The industrial sector expanded by 7.45 percent, a significant jump from 3.72 percent in Q2 2024, while services grew by 3.94 percent, only slightly better than the 3.83 percent recorded a year earlier.
Overall, the economy’s size at basic prices reached ₦100.73 trillion in nominal terms, compared to ₦84.48 trillion in Q2 2024—translating to 19.23 percent nominal growth. Oil production averaged 1.68 million barrels per day, higher than both the previous quarter’s 1.62 mbpd and the 1.41 mbpd recorded in Q2 2024. Meanwhile, the non-oil economy, which continues to anchor most of Nigeria’s growth, expanded by 3.64 percent and contributed nearly 96 percent of GDP in real terms.
Exceeding IMF and World Bank Expectations
The stronger growth comes just weeks after the International Monetary Fund (IMF) projected a 3.4 percent GDP expansion for Nigeria in 2025, broadly in line with the World Bank’s forecast of 3.6 percent. By delivering 4.23 percent growth in the second quarter alone, the latest data slightly exceeds those annual expectations.

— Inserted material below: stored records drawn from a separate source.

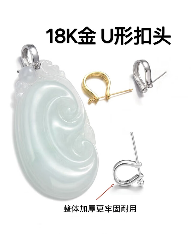Six pill U-shaped buckle 18K gold buckle head straight buckle jade pendant accessories multi-purpose buckle pair clip buckle jade jade buckle clip buckle accessories diy medium plain gold K gold
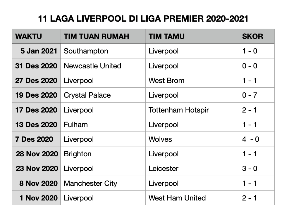 Sementara itu tim asuhan Juergen Klopp hanya memenangkan empat dari 10 pertandingan terakhir mereka. Bahkan dalam tiga laga terakhir, Liverpool gagal meraih tiga poin. Dalam pertandingan terakhir, Liverpool malah bertekuk lutut di kaki Southampton 0-1 berkat gol tunggal mantan striker Liverpool, Danny Ings.
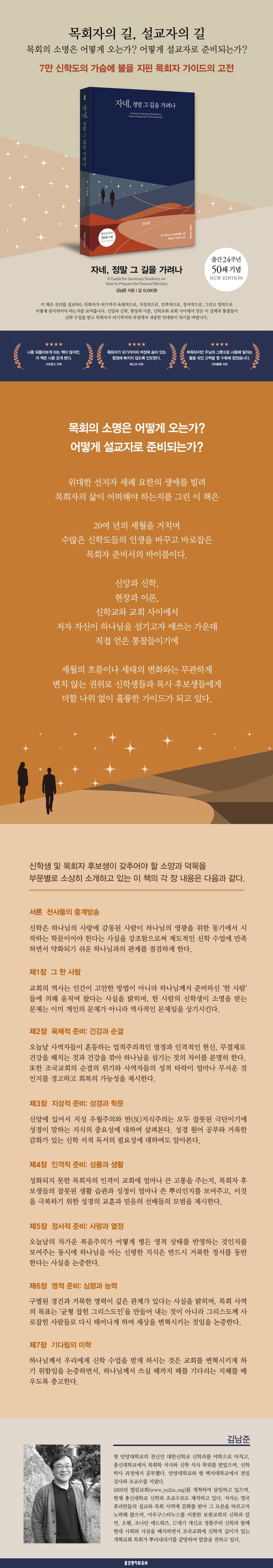 걸어갈수있는길이수없이많음에도불구하고사는날동안무거운짐과뜨거운고난을짊어져야하는길을선택하는것을필연으로느끼는사람들이있다.바로목회의길을가려는사람들이다.자신의전존재와자기의모든소유를하나님께드리기를아까워하지않으면서자신을위해서는아무것도취하지않는거룩한정서에불붙은사람들이바로그들이다.특별한하나님의도구이자세상과교회의거룩한인도자가되는이길은어떤길인가?그길을가기위해어떤준비를해야하며,또어떻게그길을걸을것인가?
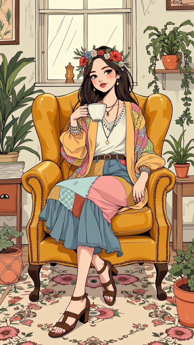doodling of a lady dressed in free-spirited bohemian style, wearing a patchwork skirt and oversized cardigan, lounging in a vintage armchair, sipping herbal tea, adorned with flower crown, whimsical expression on her face, bg with various quirky decor and plants around.
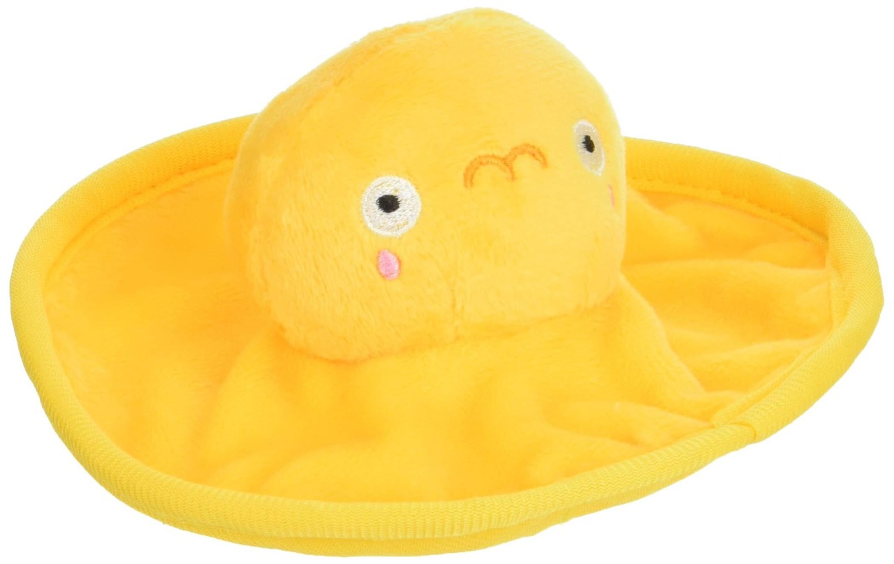 笛とパリパリフィルムの2つの音で噛んでも振っても楽しい!よく飛ぶ形状でふわふわやさしい布のぬいぐるみ!
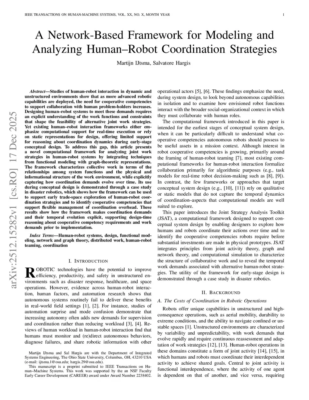 Studies of human-robot interaction in dynamic and unstructured environments show that as more advanced robotic capabilities are deployed, the need for cooperative competencies to support collaboration with human problem-holders increases. Designing human-robot systems to meet these demands requires an explicit understanding of the work functions and constraints that shape the feasibility of alternative joint work strategies. Yet existing human-robot interaction frameworks either emphasize computational support for real-time execution or rely on static representations for design, offering limited support for reasoning about coordination dynamics during early-stage conceptual design. To address this gap, this article presents a novel computational framework for analyzing joint work strategies in human-robot systems by integrating techniques from functional modeling with graph-theoretic representations. The framework characterizes collective work in terms of the relationships among system functions and the physical and informational structure of the work environment, while explicitly capturing how coordination demands evolve over time. Its use during conceptual design is demonstrated through a case study in disaster robotics, which shows how the framework can be used to support early trade-space exploration of human-robot coordination strategies and to identify cooperative competencies that support flexible management of coordination overhead. These results show how the framework makes coordination demands and their temporal evolution explicit, supporting design-time reasoning about cooperative competency requirements and work demands prior to implementation.
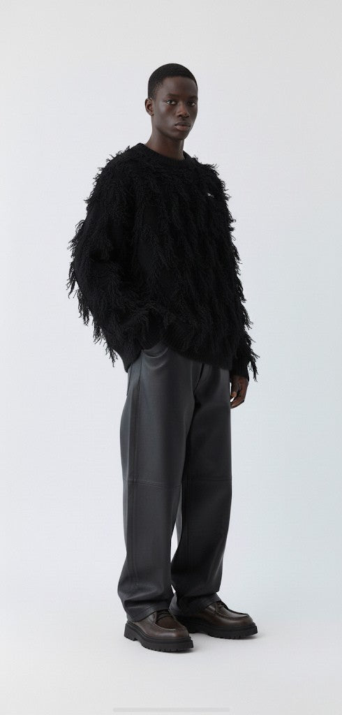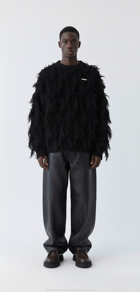 This long-sleeved crewneck belongs to CAPSULE 0126, an iconic chapter in the ZCHT. archive that explores textile expression through restraint and craft. The piece is defined by a woven tapestry construction enriched with sculpted fringe detailing, creating depth through movement and shadow.
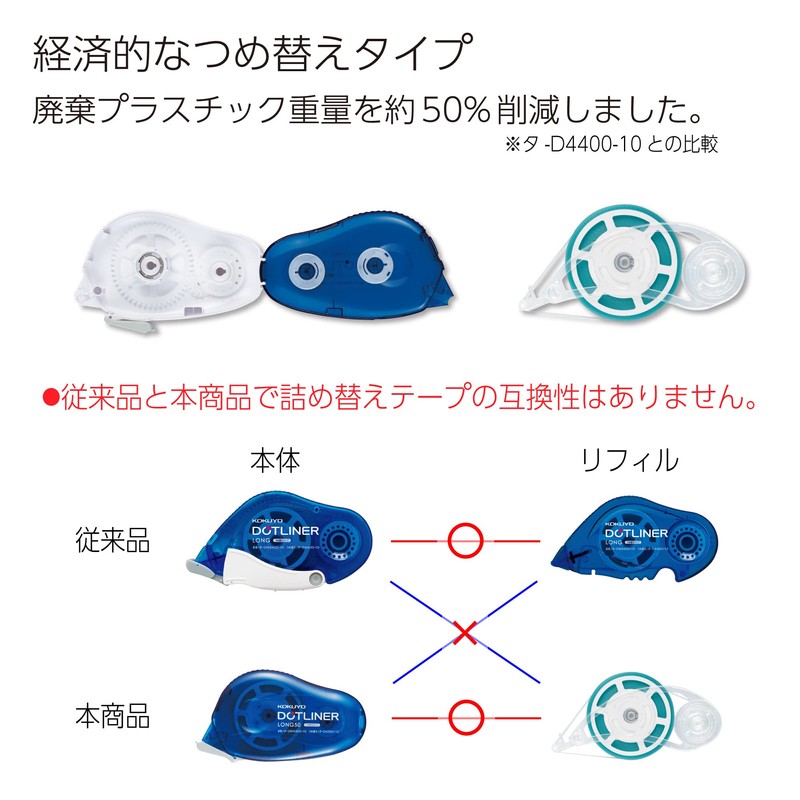 Kokuyo Tape-D4300-10X5 Dot Liner Long 50 Refill Tape Pack of 5

Still, there is a need for caution against drawing firm conclusions too early.
With two more quarters left in the year, much depends on whether oil production sustains recent gains, whether inflationary pressures ease, and whether the non-oil economy maintains momentum.
Tinubu’s 7% Growth Target Looms Large
Despite the stronger Q2 figures, Nigeria remains far from President Bola Tinubu’s ambitious target of 7 percent annual growth by 2027. In August, the president tied this goal to a broader vision of quadrupling the economy by 2030 and lifting millions out of poverty.

Minister of Finance and Coordinating Minister of the Economy, Wale Edun, echoed President Tinubu the next day, saying the medium-term goal is to achieve 7 percent in annual GDP growth, driven by critical investments by government, private investment, job creation, and higher incomes.
Edun said that to achieve this, Nigeria needed to invest in critical sectors and expand Public Private Partnership (PPP) arrangements across agriculture, educational, health, manufacturing, technology, and infrastructure.
However, recent trends show how steep the climb will be. The economy grew by just 3.13 percent in the first quarter of 2025, even after a GDP rebasing boosted the country’s official output size to ₦372.82 trillion ($243.55 billion). With growth hovering in the 3–4 percent range over the past decade—barely ahead of population growth of about 2.5–3 percent—the pace of expansion remains insufficient to achieve transformative change.
The Bigger Picture
Nigeria’s Q2 2025 results show that the economy is moving in the right direction, supported by oil sector recovery and resilience in non-oil industries like telecoms, financial services, and construction. But they also highlight the gap between external forecasts, which remain cautious, and government ambitions, which are more optimistic.
FURTHER READING
The months ahead will determine whether the momentum holds and whether Nigeria can convert a quarter of encouraging data into a sustained growth path that narrows the gap between aspiration and reality.